### RECORDED DATA
++++++++

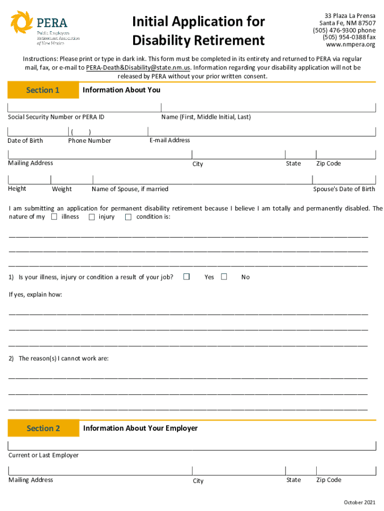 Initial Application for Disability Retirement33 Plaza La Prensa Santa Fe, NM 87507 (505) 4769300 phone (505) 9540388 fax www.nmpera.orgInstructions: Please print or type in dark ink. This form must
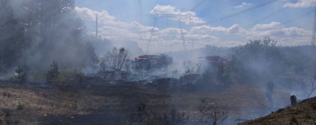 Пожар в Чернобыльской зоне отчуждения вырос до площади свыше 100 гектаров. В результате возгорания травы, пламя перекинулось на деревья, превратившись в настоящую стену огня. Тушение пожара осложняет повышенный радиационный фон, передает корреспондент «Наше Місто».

++++++++

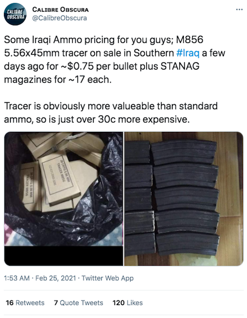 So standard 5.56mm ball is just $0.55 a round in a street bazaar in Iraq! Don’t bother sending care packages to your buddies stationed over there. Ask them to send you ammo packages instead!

++++++++

### TASK INSTRUCTIONS
Using the entries above, transcribe exactly from the line that has "Initial Application for" through the line that has "Пожар в Чернобыльской". Pictures are dropped.

### EXERCISE OUTPUT
 Initial Application for Disability Retirement33 Plaza La Prensa Santa Fe, NM 87507 (505) 4769300 phone (505) 9540388 fax www.nmpera.orgInstructions: Please print or type in dark ink. This form must
 Пожар в Чернобыльской зоне отчуждения вырос до площади свыше 100 гектаров. В результате возгорания травы, пламя перекинулось на деревья, превратившись в настоящую стену огня. Тушение пожара осложняет повышенный радиационный фон, передает корреспондент «Наше Місто».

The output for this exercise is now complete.